The proponents argue that a cashier's check is equivalent to cash and that by signing the registered mail receipts the contestants accepted the tender of payment required by the second will to discharge the lien (the underlying obligation) on the property devised to proponent, Howard E. Satterfield, Jr. (the underlying obligor). This provision, however, cannot apply to the facts of this case. Under different circumstances, the signing of a registered mail receipt, the taking possession of a cashier's check, and the holding of that check for one year, could be interpreted as accepting payment for an obligation sought to be discharged by the tender of the cashier's check. But here, the immediacy with which the sisters instituted this action to challenge the second will, their steadfast refrain from cashing *234 the checks or employing the money for personal use, and their relinquishment of the checks to their attorney for use as evidence of their desire to refuse acceptance so that they might contest the will, all militate against a holding by this Court that the acts of the sisters constituted acceptance of a benefit under the will. Had cash been sent in a sealed envelope and treated in the same manner with regard to conservation, the same result would obtain.

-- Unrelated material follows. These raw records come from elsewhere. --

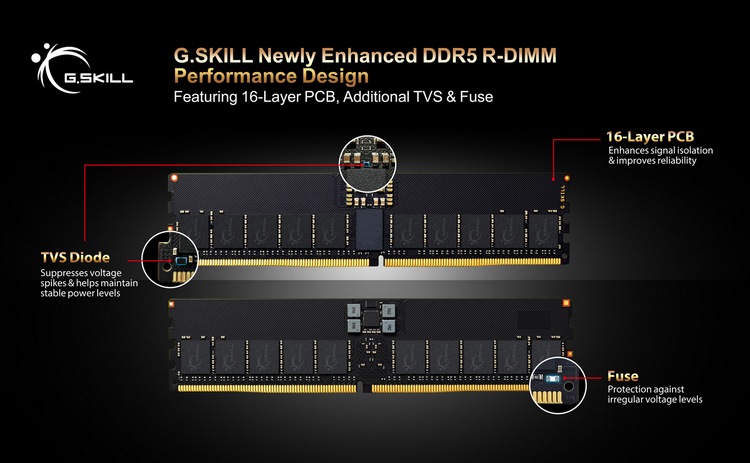 芝奇今天发布了增强版 DDR5 R-DIMM 内存解决方案,更耐用,更稳定,更安全,该方案内存针对工作站和企业用户内存。
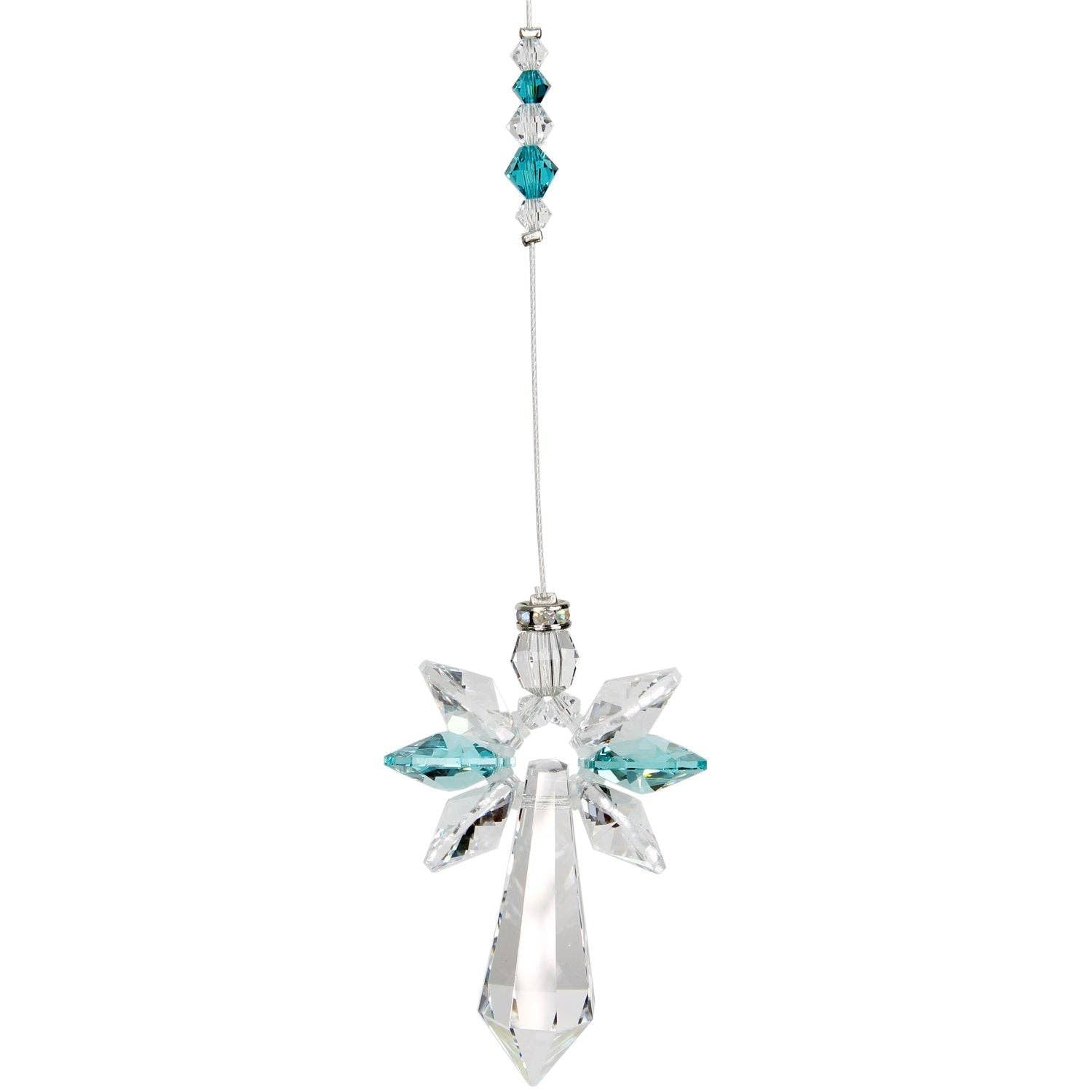 This large Guardian Angel features jewelry-quality blue zircon color crystals. The beautiful bright blue crystals reflect every color of the rainbow.
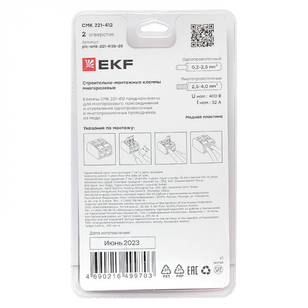 Клемма СМК 221-412 с рычагом 2 отверстия 0.2-4.0 мм2 блистер (20 шт.) PROxima plc-smk-221-412b-20, Строительно-монтажная клемма и скрутка
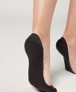 Calzedonia Women’s Cotton Invisible Socks With Silicone Edge | 019 – Black | Women’s Socks

Accordingly, the judgment of the Circuit Court of Marion County is reversed and the case is remanded for a new trial.

Reversed and remanded.

NOTES

[1] "SECOND: We hereby give, devise and bequeath unto the one of us surviving the other all property, real, personal or mixed, of whatever nature and wheresoever situate, of the other, in fee simple, absolutely and forever, to be used, enjoyed and disposed of in any manner whatsoever as the survivor may see fit, but should both die, or if when both of us shall be dead and no individual will shall have been made, then the property of both shall be treated as one and the same, and be disposed of as hereinafter provided.

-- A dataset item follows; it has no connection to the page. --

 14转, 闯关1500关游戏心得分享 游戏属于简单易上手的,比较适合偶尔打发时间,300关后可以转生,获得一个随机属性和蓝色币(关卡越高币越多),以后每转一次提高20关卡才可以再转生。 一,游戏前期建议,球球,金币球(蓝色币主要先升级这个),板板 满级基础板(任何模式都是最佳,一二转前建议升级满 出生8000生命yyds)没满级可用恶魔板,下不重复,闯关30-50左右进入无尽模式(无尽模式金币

"THIRD: When the survivor of us shall die, or when the both of us shall be dead, all the property belonging to the deceased of us, real, personal or mixed, of whatever nature and wheresoever situate, which the deceased of us may own or have the right to dispose of at the time of his, her or our death, we hereby give, devise and bequeath unto our five children, namely, ALICE J. SATTERFIELD, JUNE TENNANT, HOWARD E. SATTERFIELD, JR., MARTHA M. BERRY, and JACQUELINE SMITH, in equal portions, share and share alike."

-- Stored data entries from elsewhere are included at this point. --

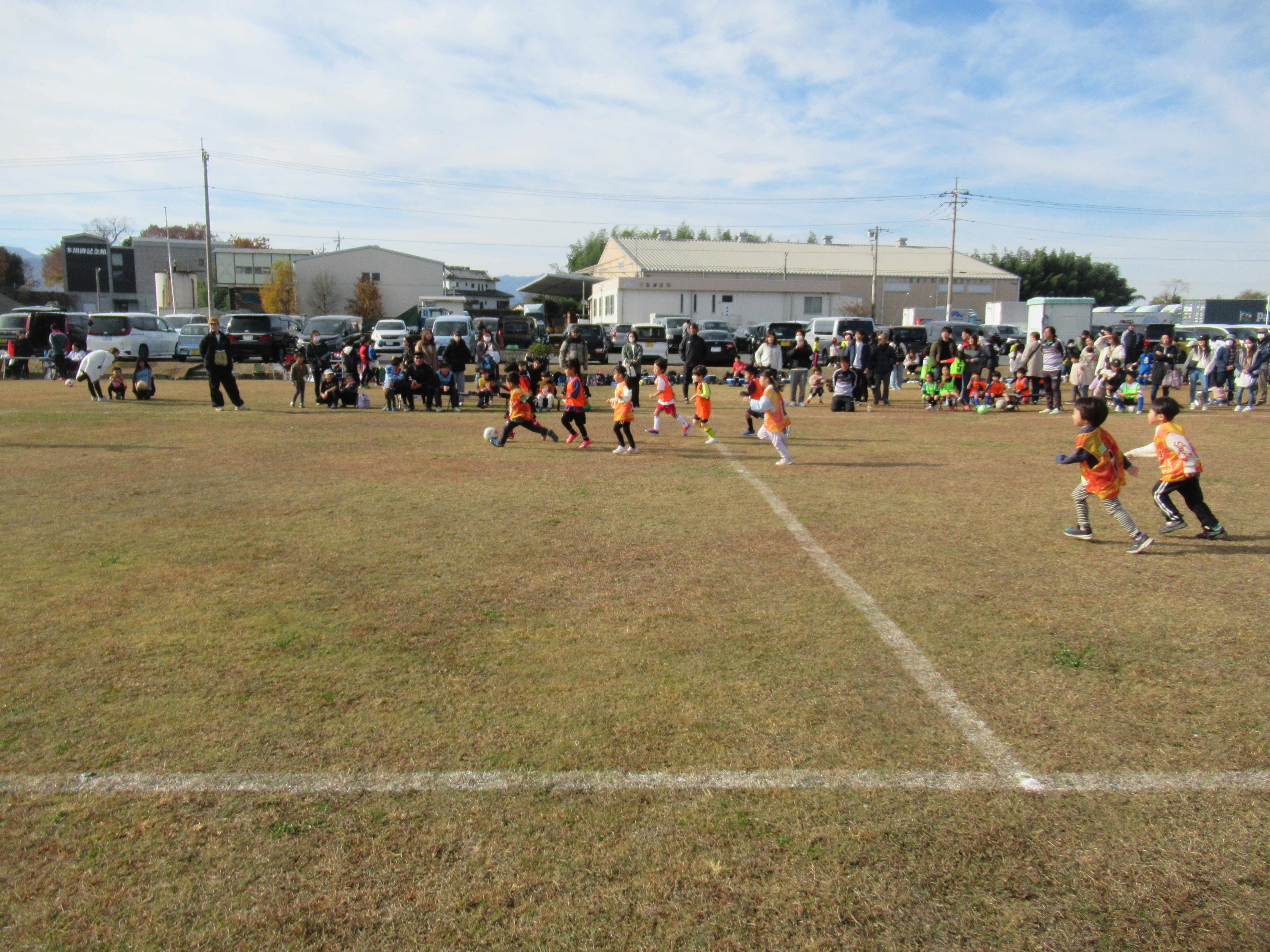 当日は天候にも恵まれ、子どもたちは天然芝のピッチを元気いっぱいに駆け回っていました。
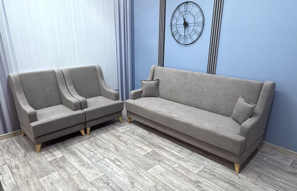 Это традиционная модель, сочетающая в себе простоту, легкость и комфорт. Такие комплекты универсальны и прекрасно смотрятся в помещениях с любым интерьером. Два кресла с комфортной спинкой и удобной посадкой обеспечивают максимальный комфорт при отдыхе.
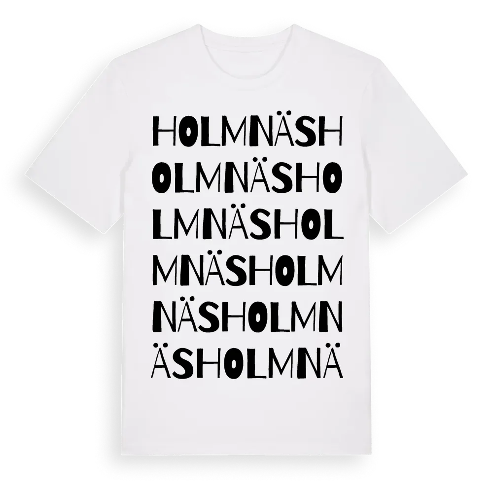 Holmnäs ordlek t-shirt är inspirerad av Holmnäs i Västerbottens län, Sverige. Tröjan är designad för dig som har en speciell koppling till platsen – oavsett om du bor här, har rötterna här eller bara älskar Holmnäs.
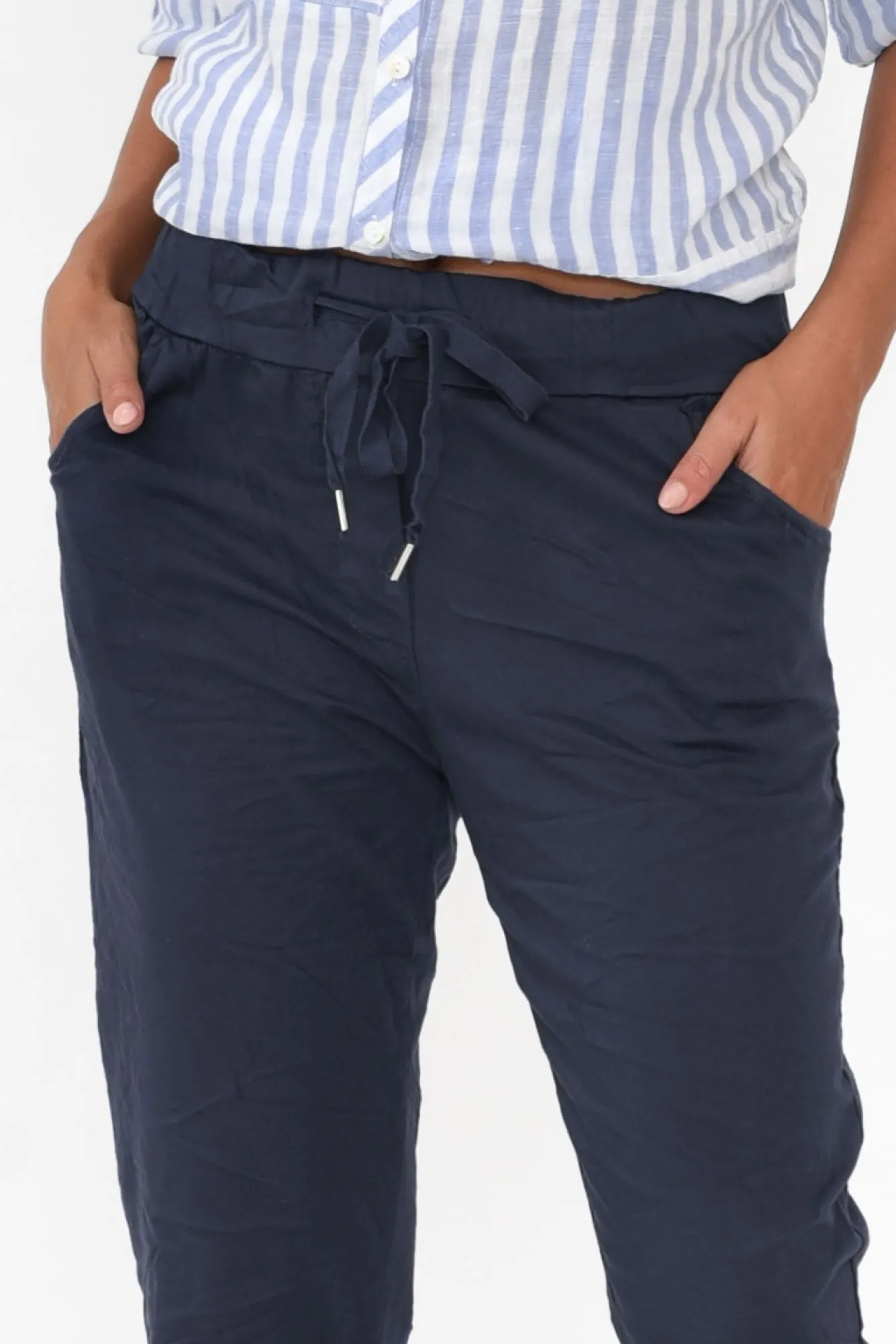 Fit: True To Size. Refer To Size & Fit Tab Below For Specific Size RecommendationNNfabric: 66% Viscose, 30% Cotton, 4% ElastaneNcomfortable Lightweight Cotton Blend With A Subtle Stretch And Crinkle TextureNNfeaturing An Elasticated Waist With An Adjustable Drawstring Nstraight Silhouette With A Slightly Tapered Hem – Wear Cuffed For A Casual Look!Nfaux Fly DetailNfunctional Five-Pocket Design – Two Front Pockets, One Coin Pocket, Two Back PocketsNreaches Modern Cropped LengthNNNcare: Cool Gentle Machine Wash RecommendedNNcolour: True Navy Shade
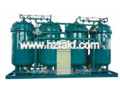 PSA制氧机是根据变压吸附原理,采用高品质的沸石分子筛作为吸附剂,在一定的压力下,从空气中制取氧气。经过纯化干燥的压缩空气,在吸附器中进行加压吸附、减压脱附。由于空气动力学效应,氮在沸石分子筛微孔中扩散速率远大于氧,氮被沸石分子筛优先吸附,氧在气相中被富集起来,形成成品氧气。然后经减压至常压,吸附剂脱附所吸附的氮气等杂质,实现再生。一般在系统中设置两个吸附塔,一塔吸附产氧,另一塔脱附再生,通过PLC程序控制器控制气动阀的启闭,使两塔交替循环,以实现连续生产高品质氧气之目的。
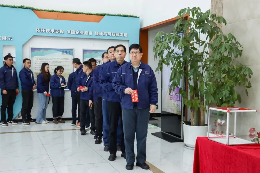 2025蛇年新氣象,公司總部愛心募捐活動在華友研發(fā)大樓一樓大廳舉行,早上八點剛過,來自各部門的干部員工在大廳就已排起隊伍。

[2] "SECOND: I do hereby give and devise unto my beloved son, HOWARD E. SATTERFIELD, JR., of Fairmont, Marion County, West Virginia, all of my real estate wheresoever situate of which I may own or have the right to dispose of at the time of my death, in fee simple, provided, however, that he pay the sum of ONE THOUSAND TWO HUNDRED FIFTY and 00/100 DOLLARS ($1,250.00), to each of my four (4) daughters, that is to say, the sum of ONE THOUSAND TWO HUNDRED FIFTY DOLLARS ($1,250.00) to ALICE J. OSBORNE, of Fairmont, West Virginia, the sum of ONE THOUSAND TWO HUNDRED FIFTY DOLLARS ($1,250.00) to JUNE E. TENNANT, of Fairmont, West Virginia, the sum of ONE THOUSAND TWO HUNDRED FIFTY DOLLARS ($1,250.00) to MARTHA MAY EVANS, of Fairmont, West Virginia, and the sum of ONE THOUSAND TWO HUNDRED FIFTY DOLLARS ($1,250.00) to JACQUELINE V. SMITH, of Grafton, West Virginia, the said sums being a charge and lien against said real estate until properly paid and this charge released by a Release of record in the office of the Clerk of the County Court of Marion County, West Virginia."